By ANA TAVARES – [email protected]
Bad debt in Portugal currently represents more than €6 billion, an increase of 13% on the previous year according to a report by credit management services company Intrum Justitia.
The figure represents 3.6% of the total volume of business of Portuguese companies between January and March 2012. In Europe, uncollectable debt has reached 2.8% of the total volume of business, standing at €340 billion, over twice the budget of the European Union for 2012, said the report which the Algarve Resident had access to.
The study, “European Payments Index”, which involved 7,800 companies in 28 European countries, 1,000 of which in Portugal, also shows that the rise of bad debt nationally was caused by the increase in lack of liquidity.
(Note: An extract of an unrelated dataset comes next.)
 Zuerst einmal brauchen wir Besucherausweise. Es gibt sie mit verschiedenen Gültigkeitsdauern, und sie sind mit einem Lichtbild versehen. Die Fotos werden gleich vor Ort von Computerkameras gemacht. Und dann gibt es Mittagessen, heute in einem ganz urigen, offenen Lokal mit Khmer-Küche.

In fact, 81% of Portuguese companies claimed to have liquidity problems in the first quarter of the year due to default payments, a 4% growth compared to 2011. In Greece, this figure reached a staggering 96%, causing the Mediterranean country to occupy first place, alongside Portugal in the ranking of countries that face higher risks due to late payments.
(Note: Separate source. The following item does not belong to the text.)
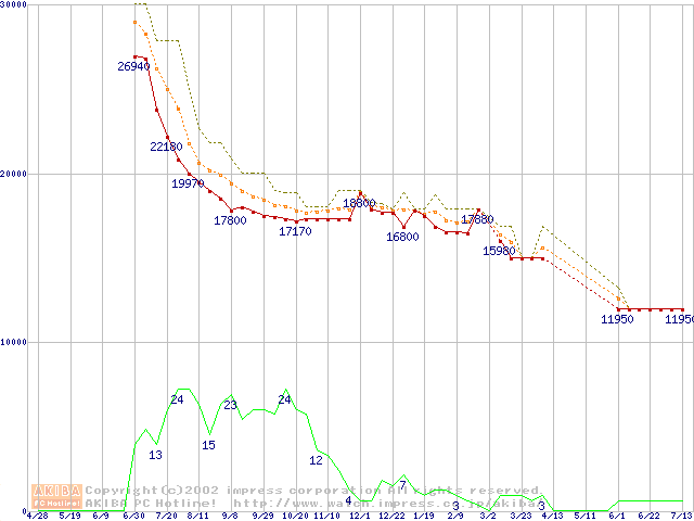 DiamondMax D540X (5400rpm,UltraATA/100,40GB/Platter)の最安値推移

On a scale of 100 to 200, Portugal features a score of 190 in the first quarter of 2012, the worst results in the past five years, which, according to the study, imply the need for urgent intervention and immediate measures to lower the risk level.
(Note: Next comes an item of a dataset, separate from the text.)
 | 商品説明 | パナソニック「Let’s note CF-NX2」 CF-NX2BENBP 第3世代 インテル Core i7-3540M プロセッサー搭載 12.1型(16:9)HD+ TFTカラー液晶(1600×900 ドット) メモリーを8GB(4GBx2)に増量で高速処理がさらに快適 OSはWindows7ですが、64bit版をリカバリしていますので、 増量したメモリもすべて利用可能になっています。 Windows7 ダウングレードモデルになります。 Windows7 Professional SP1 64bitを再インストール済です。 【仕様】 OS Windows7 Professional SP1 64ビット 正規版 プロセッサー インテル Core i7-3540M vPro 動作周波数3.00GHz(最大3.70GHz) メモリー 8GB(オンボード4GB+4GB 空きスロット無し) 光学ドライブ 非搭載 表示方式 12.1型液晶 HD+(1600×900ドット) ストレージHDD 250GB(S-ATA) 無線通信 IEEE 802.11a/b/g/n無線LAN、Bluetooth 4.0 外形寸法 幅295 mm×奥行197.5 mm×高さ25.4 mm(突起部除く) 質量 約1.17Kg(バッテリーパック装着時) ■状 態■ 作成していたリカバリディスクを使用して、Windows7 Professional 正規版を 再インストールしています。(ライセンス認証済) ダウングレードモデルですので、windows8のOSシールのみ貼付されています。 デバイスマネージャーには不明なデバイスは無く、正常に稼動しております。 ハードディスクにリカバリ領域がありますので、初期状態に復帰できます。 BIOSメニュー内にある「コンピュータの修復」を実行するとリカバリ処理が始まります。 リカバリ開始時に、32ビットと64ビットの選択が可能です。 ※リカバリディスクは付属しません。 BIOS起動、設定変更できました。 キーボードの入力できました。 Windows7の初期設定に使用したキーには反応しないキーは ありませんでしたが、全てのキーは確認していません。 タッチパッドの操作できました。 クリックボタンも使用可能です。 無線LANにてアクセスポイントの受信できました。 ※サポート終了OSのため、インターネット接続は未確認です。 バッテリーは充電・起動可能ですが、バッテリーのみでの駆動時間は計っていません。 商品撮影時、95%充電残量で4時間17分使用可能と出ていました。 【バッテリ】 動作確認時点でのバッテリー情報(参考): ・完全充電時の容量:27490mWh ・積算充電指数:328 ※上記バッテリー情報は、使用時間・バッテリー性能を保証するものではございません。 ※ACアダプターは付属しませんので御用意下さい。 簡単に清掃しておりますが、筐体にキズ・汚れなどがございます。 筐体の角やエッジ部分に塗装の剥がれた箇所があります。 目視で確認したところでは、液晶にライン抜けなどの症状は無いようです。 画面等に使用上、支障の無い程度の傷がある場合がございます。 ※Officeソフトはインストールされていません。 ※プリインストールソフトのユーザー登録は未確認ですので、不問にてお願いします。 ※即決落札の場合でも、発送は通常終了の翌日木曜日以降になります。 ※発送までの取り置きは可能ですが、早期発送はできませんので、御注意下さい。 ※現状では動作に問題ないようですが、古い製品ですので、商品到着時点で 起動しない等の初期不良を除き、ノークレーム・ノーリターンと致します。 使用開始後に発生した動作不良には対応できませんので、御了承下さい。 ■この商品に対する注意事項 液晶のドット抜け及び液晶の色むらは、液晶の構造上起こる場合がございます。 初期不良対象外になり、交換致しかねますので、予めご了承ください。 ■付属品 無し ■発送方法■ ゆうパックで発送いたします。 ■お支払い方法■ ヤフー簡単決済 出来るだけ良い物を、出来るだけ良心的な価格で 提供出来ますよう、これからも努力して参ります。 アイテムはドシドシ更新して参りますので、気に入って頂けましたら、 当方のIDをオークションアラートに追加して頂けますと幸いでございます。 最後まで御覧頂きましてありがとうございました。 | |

The European average is of 163, with countries such as Finland (126), Sweden (129) and Norway (130) getting the best scores.
The eighth edition of the study also highlights the diverse financial landscape in Europe: whilst Germany and the Scandinavian countries are performing well despite the recession – bad debt dropped 16% in Finland and 10% in Denmark, Norway and Sweden – southern and eastern European countries are struggling to collect their debts.
Bad debt increased by 20% in Greece to 5.9%, and Poland and Hungary have seen an increase of 14% and 17%, respectively. The third largest European economy, the UK, is also experiencing a negative trend as bad debt went from 3.2% to 3.5%, an increase of over 9% compared to 2011.
Also, although Portuguese companies are getting paid sooner (on the business-to-business front, companies are now allowing 51 days instead of 50 days to get paid), payments are still on average 40 days behind in 2012. This figure goes down to 30 days in the business-to-client sector and up to a staggering 79 days when it comes to public entities. When questioned regarding the reasons behind the late payment, 96% of Portuguese financial directors replied it was due to the customers’ own financial difficulties.
“Companies in Europe have entered a vicious cycle. On the one hand, they are trying to pay their debt as late as possible and, on the other hand, are trying to collect their debt as soon as possible,” said Luis Salvaterra, general manager of Intrum Justitia Portugal.
Another distinctive fact is that Portuguese companies show higher levels of distrust regarding the banks’ ability to support them through recession – 85% compared to the European average of 47%.